Gun Control Groups Outspend NRA in Push for Senate Vote on Gun Bill
“The choice facing the Senate could not be clearer: Carry water for the NRA, or stand up for the majority of Americans demanding action to address our gun violence crisis.”
(By Karl Evers-Hillstrom, Center for Responsive Politics) Prominent gun control groups are airing six-figure ad campaigns to pressure Republican Senators to take up gun bills, while the nation’s leading gun rights organization is practically invisible.

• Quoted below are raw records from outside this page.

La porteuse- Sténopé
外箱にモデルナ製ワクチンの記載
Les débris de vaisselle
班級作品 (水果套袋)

In the wake of back-to-back mass shootings in early August, Giffords, run by former Rep. Gabby Giffords (D-Ariz.), a survivor of gun violence, launched a nearly $750,000 ad campaign urging Republican senators to pass the House’s universal background checks bill. The Michael Bloomberg-funded Everytown for Gun Safety followed that up with a $1 million ad campaign urging action on background checks and red flag laws.
The two groups targeted Sen. Cory Gardner (R-Colo.) and Senate Majority Leader Mitch McConnell (R-Ky.), who will decide whether the GOP-held Senate holds a vote on gun control bills when it returns from August recess. Both senators are up for reelection in 2020 and are expected to face well-funded challengers with hefty Democratic party support.

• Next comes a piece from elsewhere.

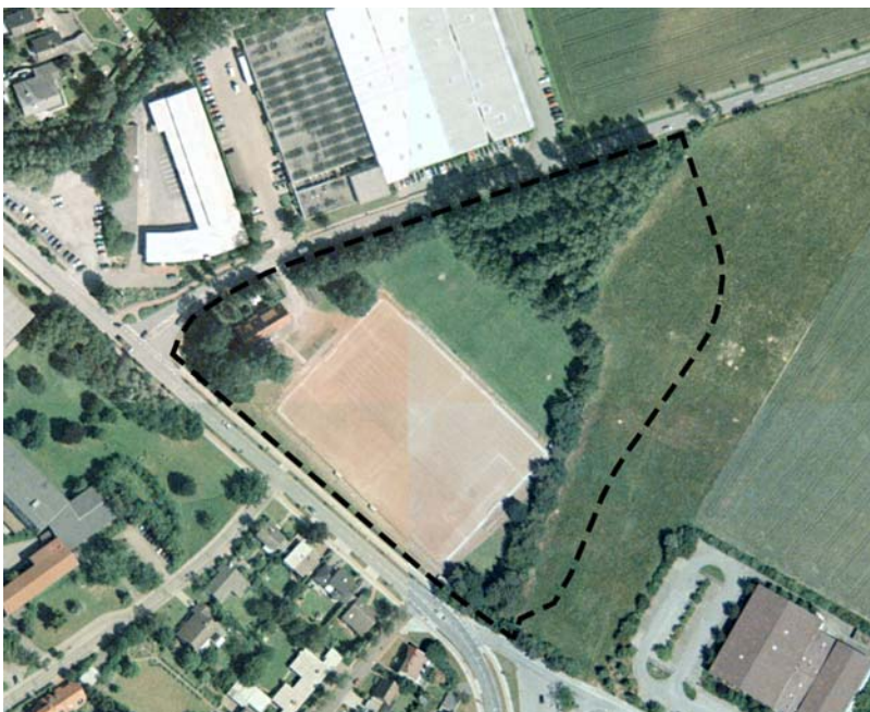
Abb. 1: Luftbildaufnahme Sommer 2000 o. M.

Bebauung des ehemaligen Sportplatzes Moorwiese zurückgestellt.

Meanwhile, the National Rifle Association, which opposes the proposals backed by gun control groups, hasn’t countered with an ad campaign of its own. The NRA’s ad spending has come on Facebook, where it spent less than $94,000 over the last 30 days. But these ads aren’t focused on the proposed gun control bills — they are recycled content that ask users to join the NRA.
The discrepancy in ad spending comes as the NRA struggles with unprecedented internal battles and troubling finances. And gun control groups are gaining momentum — during last year’s midterms, they outspent the NRA in FEC-reported outside spending for the first time.
Giffords’ ad campaign, which kicked off on August 6, has hit Gardner the hardest. Of nearly $552,000 in TV ad buys found in OpenSecrets’ political ad database, roughly $490,000 was spent to target Gardner in his home state.
The ad features a Colorado teacher named “Jody” and schoolchilden, just before flashing the phone number to Gardner’s office and urging viewers to tell him to support background checks. The McConnell-focused ad, which airs in several Kentucky cities, also uses the prospect of school shootings to appeal to viewers.
The TV ads from Everytown for Gun Safety, launched Tuesday as part of a $350,000 campaign, similarly target the Colorado and Kentucky senators who happen to be up for election in 2020. Gardner so far hasn’t budged on gun legislation, instead promoting his bill with Sen. Chuck Grassley (R-Iowa) to expand funding for the Secret Service’s National Threat Assessment Center, which focuses on violence prevention. McConnell has raised the possibility of a gun bill. The NRA spent $3.9 million to help Gardner win his Senate seat in 2014 and has spent more than $1.4 million backing McConnell.
“The choice facing the Senate could not be clearer: Carry water for the NRA, or stand up for the majority of Americans demanding action to address our gun violence crisis,” John Feinblatt, president of Everytown for Gun Safety, said in a statement Tuesday.
Both senators have said they would support red flag legislation modeled on a Florida law signed by then-Gov. Scott in 2017 in response to the Parkland mass shooting that left 17 dead.
Because the Giffords and Everytown ads mention candidates but stop short of explicitly advocating for or against their election, they are not required to be disclosed to the FEC outside of the window before elections.
In addition to its TV ads, Everytown bought nearly $321,000 in Facebook ads over the last 30 days targeting a dozen Republican senators and state-level lawmakers. The group held a gun safety forumwith prominent Democratic presidential candidates and its subsidiary Moms Demand Action is staging rallies around the country.
The NRA’s public relations campaign appears to be far less robust. But the group has faced, and defeated, gun control bills before.
In 2013, the group derailed a bill from Sens. Pat Toomey (R-Pa.) and Joe Manchin (D-W.Va.) that would have expanded background checks to include guns sold on the internet and at gun shows. The two senators recently proposed a similar bill, but it faces steep challenges and has not earned the blessing of McConnell.
Most recently, the NRA attempted to defeat the House Democrats’ bill to reauthorize the Violence Against Women Act, citing its new red flag provisions. The bill has not received a vote in the Senate and the act remains expired.
Crucially, the NRA appears to have the ear of Trump — and it has reportedly warned the president that passing gun control legislation would hurt him with his conservative base. McConnell has typically waited on a green light from the president before allowing a vote on high-profile bills.